Rio 2016: Refugee team to compete for the first time in Brazil Olympics
The International Olympic Committee (IOC) has announced the creation of a team of refugees that are set to participate at the 2016 Games in Rio de Janeiro, Brazil, this summer. Competing under the moniker of Team Refugee Olympic Athletes (ROA), they will march to the event's five-ring flag and anthem at the opening ceremony, which takes place inside the Maracana Stadium on 5 August.
Team ROA will also be housed alongside other nations at the Olympic Village, with their uniforms provided by the IOC and their travel and participation expenses covered by the Olympic Solidarity Commission.

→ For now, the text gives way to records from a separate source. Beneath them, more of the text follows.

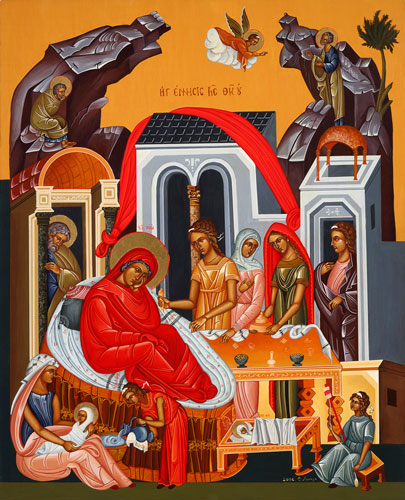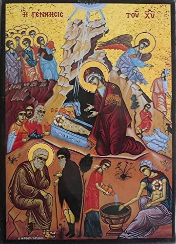 The scene is completed with the child in a kind of manger altar typical of Byzantine representations, Saint Joseph and the midwife Salome, who when examining Mary to check her virginity, remains charred, when she touches the virgin with her finger.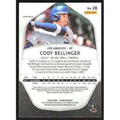 This is a 2020 Panini Prizm White Wave Cody Bellinger baseball card. The card is #28 and pictures show condition.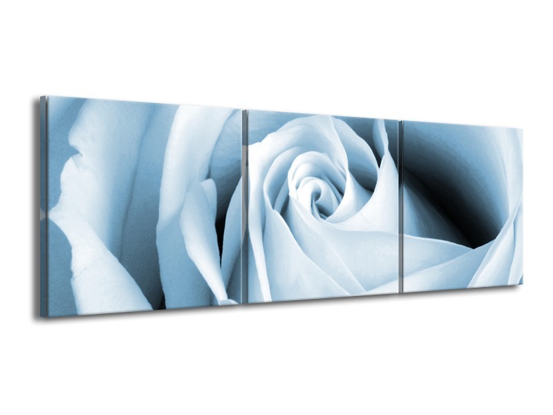 Glasschilderij Roos, Bloem | Blauw, Wit | 150x50cm 3Luik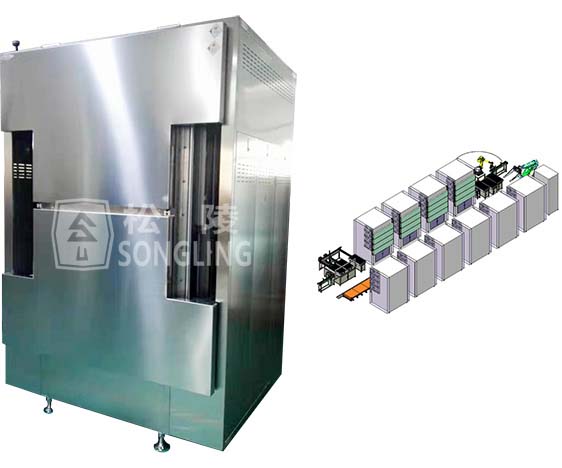 全自動堆垛式真空烘烤系統主要功能是實現電池的上、下料,干燥,冷卻全程自動化生產。該設備具備工藝流程自動控制,歷史數據查詢導出,關鍵參數實時顯示、問題報警及原因追溯、安全保護等功能。整套設備采用柔性化設計,可兼容多個型號產品,能夠實現快速換線。
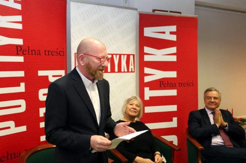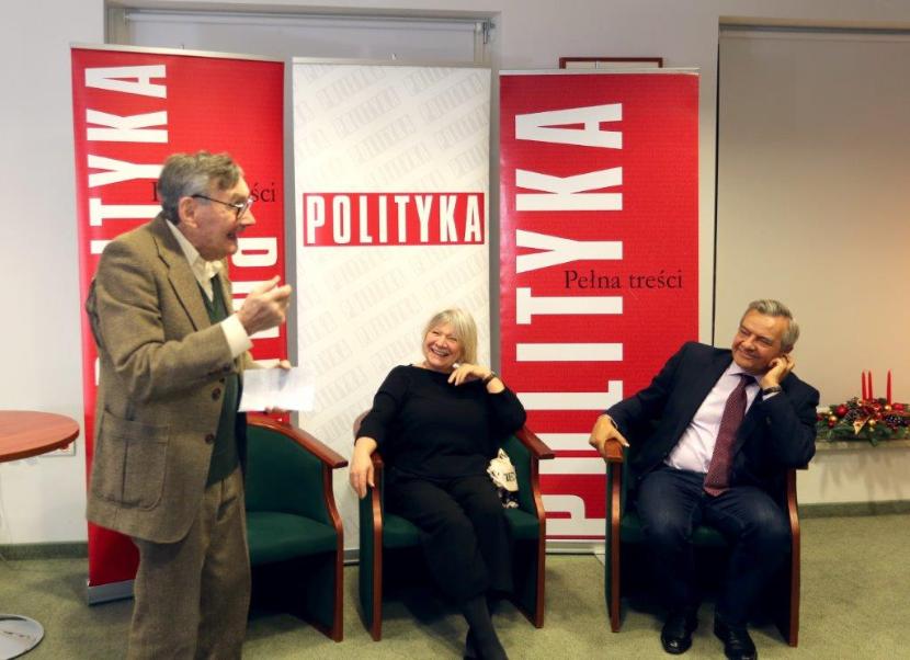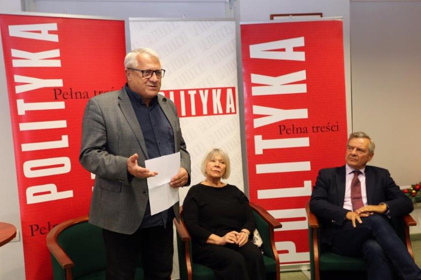 Przewodniczący jury Wiesław Władyka uzasadnia tegoroczny wybór. W tle Elżbieta Kępińska, żona Mieczysława F. Rakowskiego, oraz redaktor naczelny POLITYKI Jerzy Baczyński.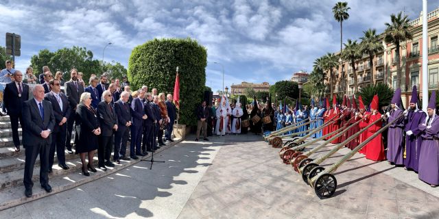“Este acto representa la llamada oficial de la Semana Santa murciana, anunciando que esta tradición de más de 600 años de historia va a comenzar”, destacó el alcalde de Murcia, quien recibió a los nazarenos en la Glorieta de España, donde realizaron varios toques de burla, y añadió que “somos fruto de un largo pasado de nazarenos, quienes portaron nuestras burlas de Semana Santa e hicieron sonar esos tambores que cualquier murciano reconoce”.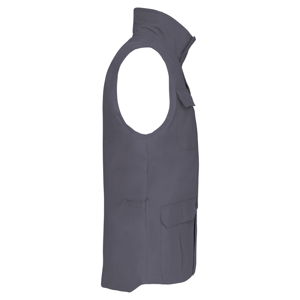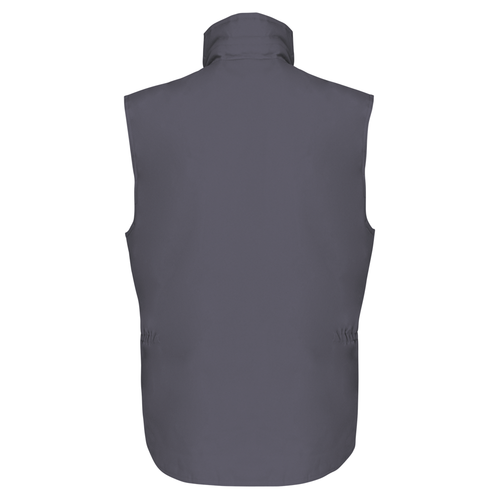 100 % polyester. Buitenkant: 100% oxford polyester met PVC inductie. Gewatteerde voering met 100% polyesterwatten. Ritssluiting verborgen onder een lijst met drukknopen. 4 buitenzakken (3 met overslag en 1 met rits). Elastische armsgaten en regelbaar met een stopper. 2 binnenzakken (1 met rits en 1 gsmzakje). Drukkersrits.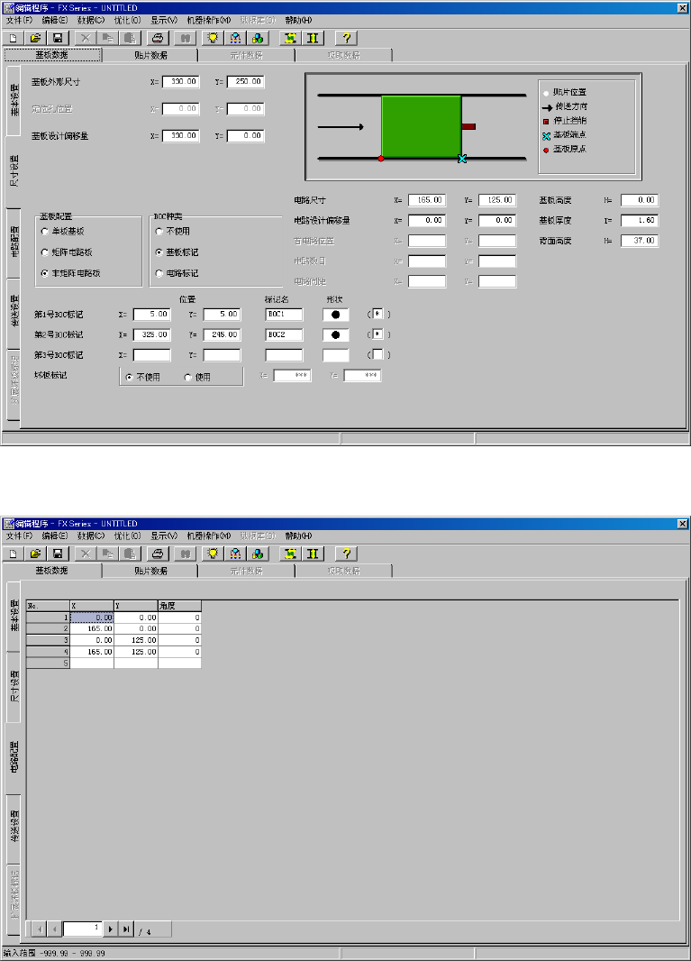 操作手册 I I Rev00 2-26 1) 基板外形尺寸 输入包括所有电路在内的基板外形尺寸。 2) 定位孔位置 与单板基板相同,输入从基板位置基准(原点)来看的基准销位置。 3) 基板设计偏移量 与单板基板相同,输入从基板位置基准(原点)来看的基板设计端点的位置。 4) 基板配置 选择“非矩阵电路板” 。 5) BOC 种类 请按照与矩阵电路板相同的方法输入。 6) 电路尺寸 输入电路的外形尺寸(包括所有贴片坐标在内的尺寸)。 7)…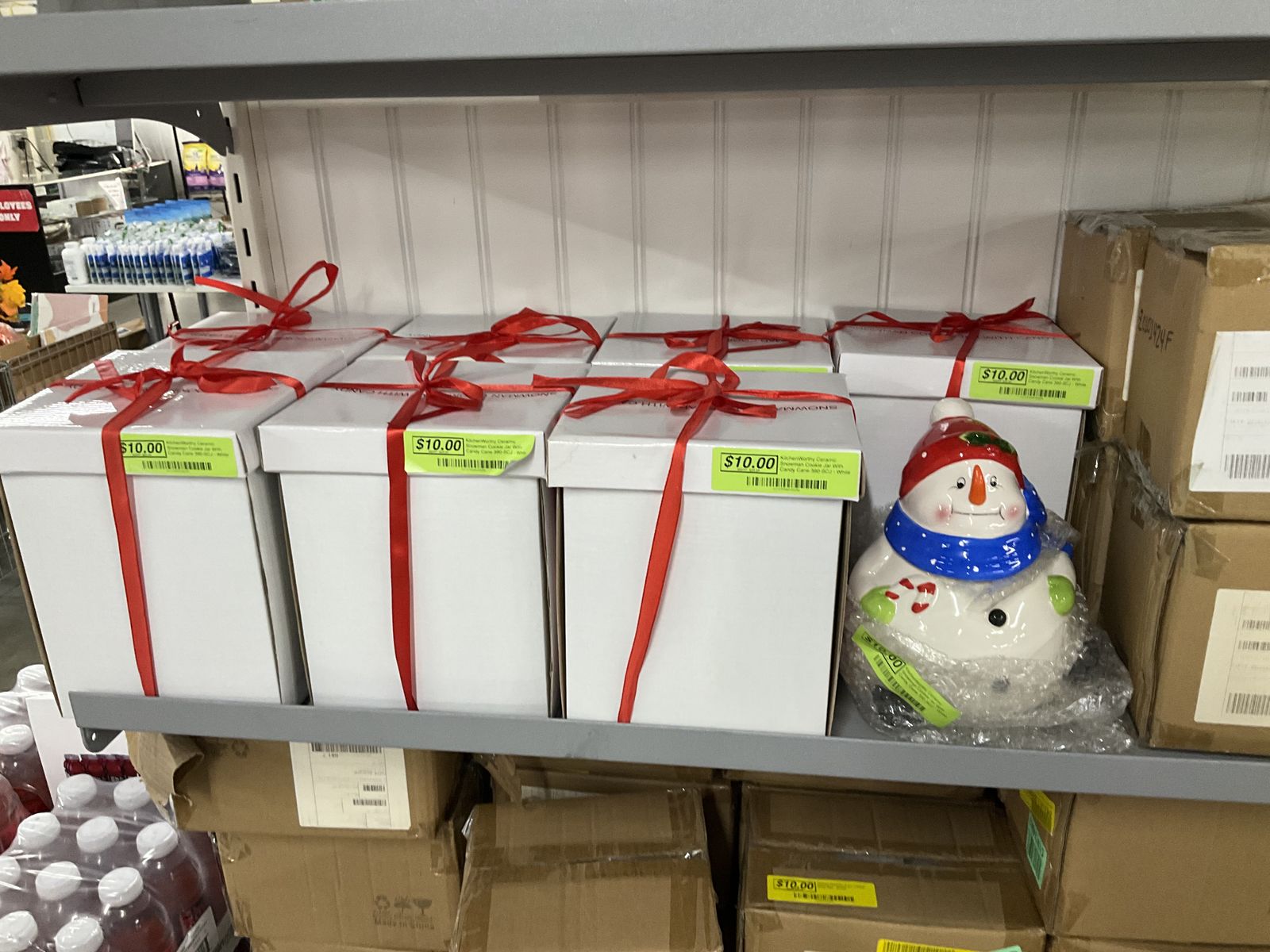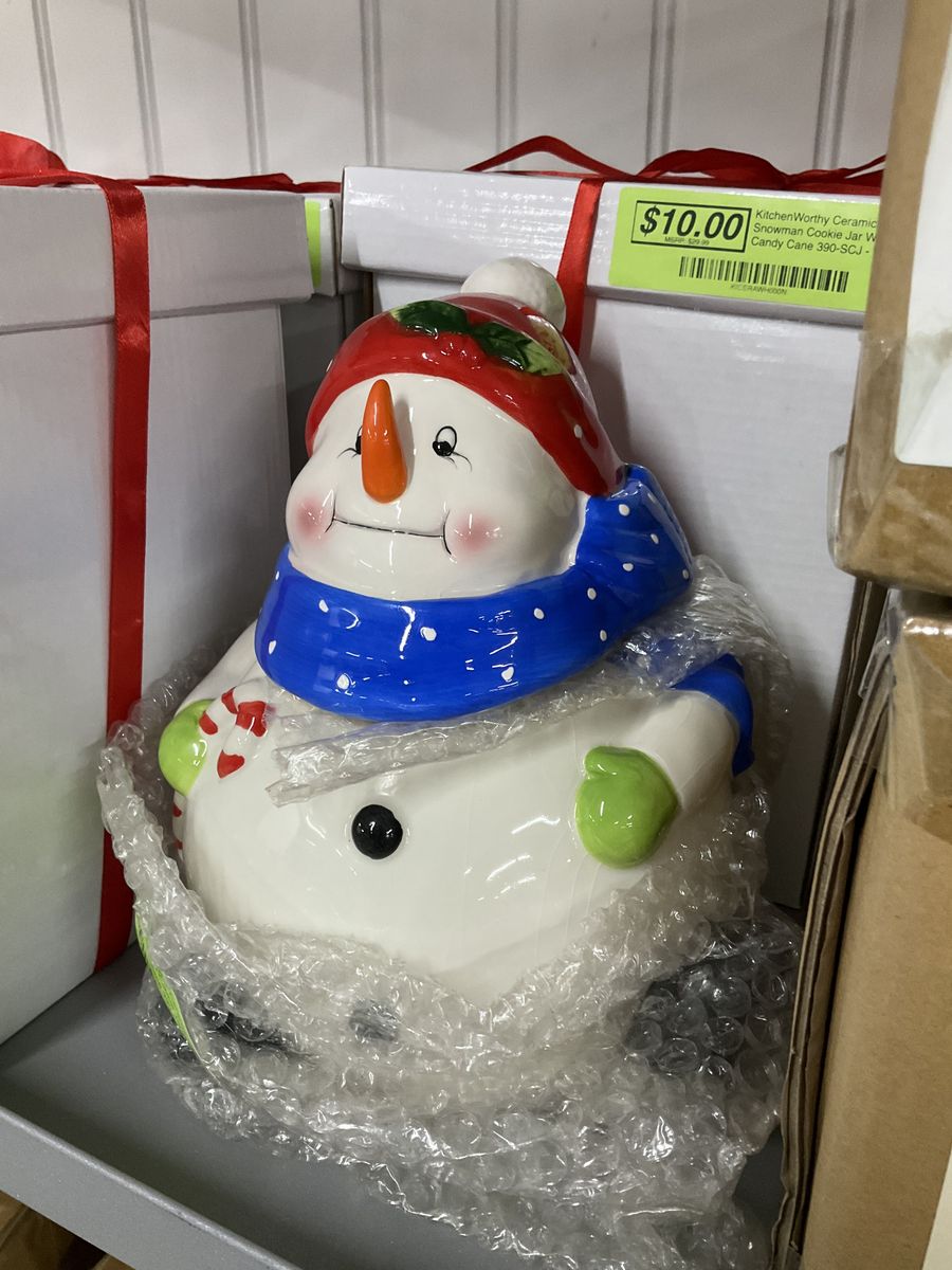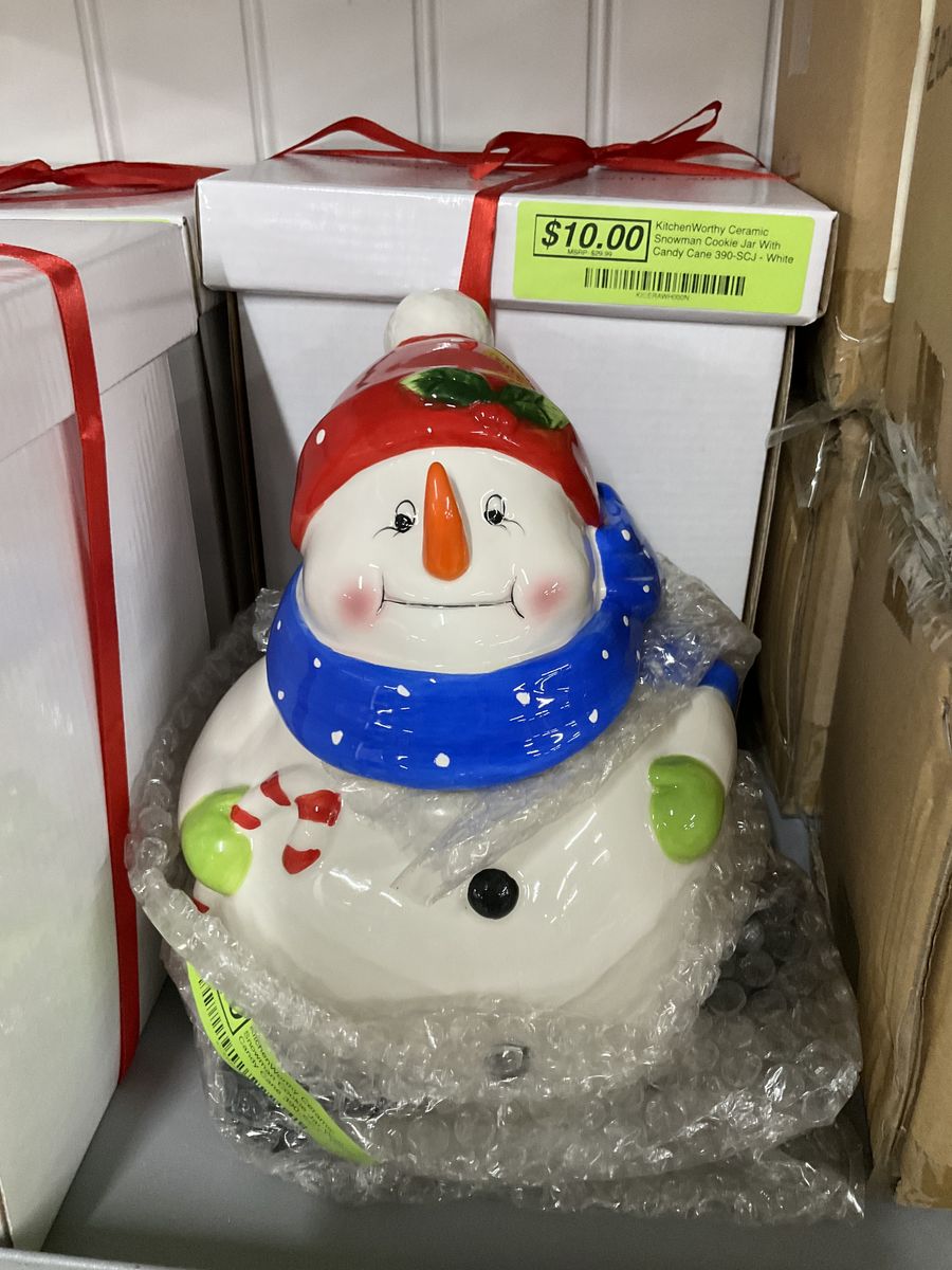 ApplePayKitchenWorthy Ceramic Snowman Cookie Jar with Candy Cane — festive and functional for holiday treats. Our price $10 — MSRP $29.99!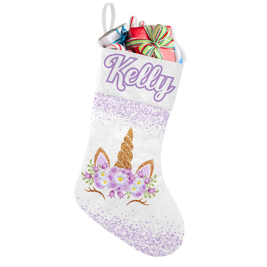 Purple Unicorn Christmas Stocking Custom Name Santa Socks Gift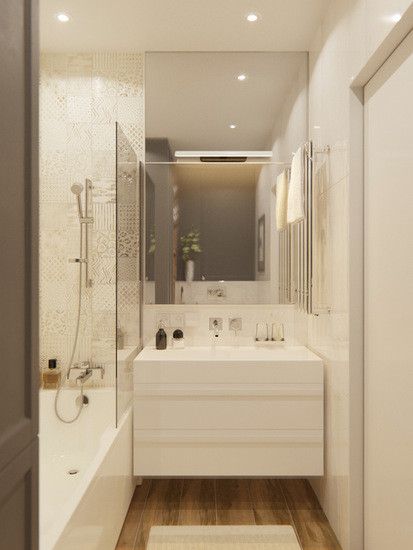 洗浴室利用纯白色调营造出宽敞的视觉效果,灰色木料,灰白花砖,轻松点缀出优雅氛围。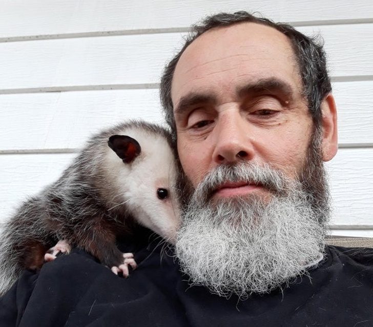Этого опоссума зовут Клементина и она искренне любит своего хозяина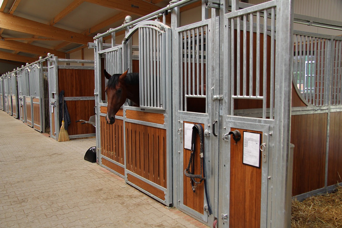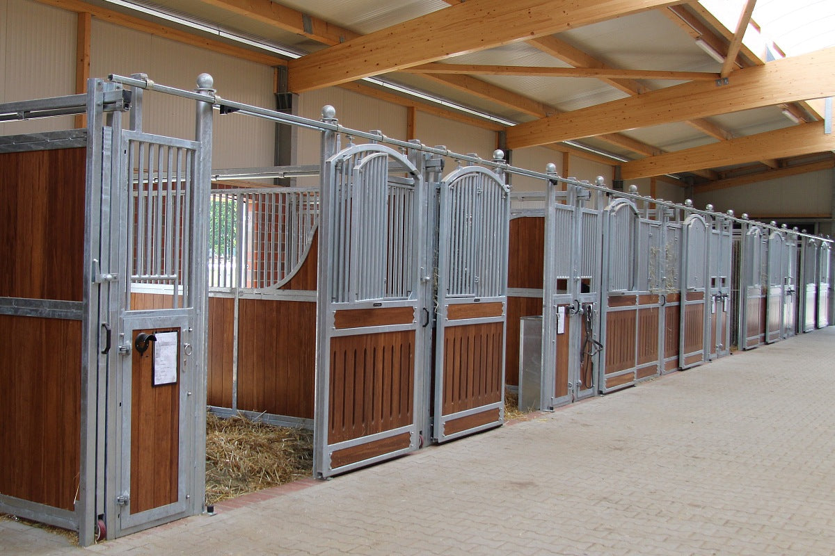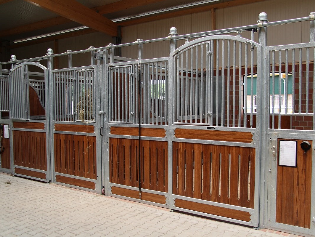 Die Pferdebox Nando besteht aus einer geschwungenen Frontwand mit Futterdurchreiche und Schiebetür. Die mit Hochbogen ausgeführte Schiebetür wird in einer C-Schiene mit kugelgelagertem Laufwagen bewegt. Die Schiebetür wird durch den bewährten Federstabverschluss arretiert.

"As part of the IOC's pledge to aid potential elite athletes affected by the worldwide refugee crisis, the NOCs were asked to identify any refugee athlete with the potential to qualify for the Olympic Games Rio 2016," the IOC confirmed in an official statement. "Such candidates could then receive funding from Olympic Solidarity to assist with their preparations and qualification efforts.
"Forty-three promising candidates have been identified, whom the IOC is now assisting. In view of the complexity of the process and in order to allow sufficient time to finalise and consolidate all the necessary information about these candidates, the EB decided today [2 March] to close the call for new candidatures. Only under exceptional circumstances requiring the approval of the IOC President will new candidates be considered."
Those 43 candidates will eventually be whittled down to a team numbering five to ten athletes, with the final decision to be announced at a meeting of the IOC's executive board in June.
"By welcoming the team of Refugee Olympic Athletes to the Olympic Games Rio 2016, we want to send a message of hope for all refugees in our world," IOC president Thomas Bach said. "Having no national team to belong to, having no flag to march behind, having no national anthem to be played, these refugee athletes will be welcomed to the Olympic Games with the Olympic flag and with the Olympic Anthem. They will have a home together with all the other 11,000 athletes from 206 National Olympic Committees in the Olympic Village."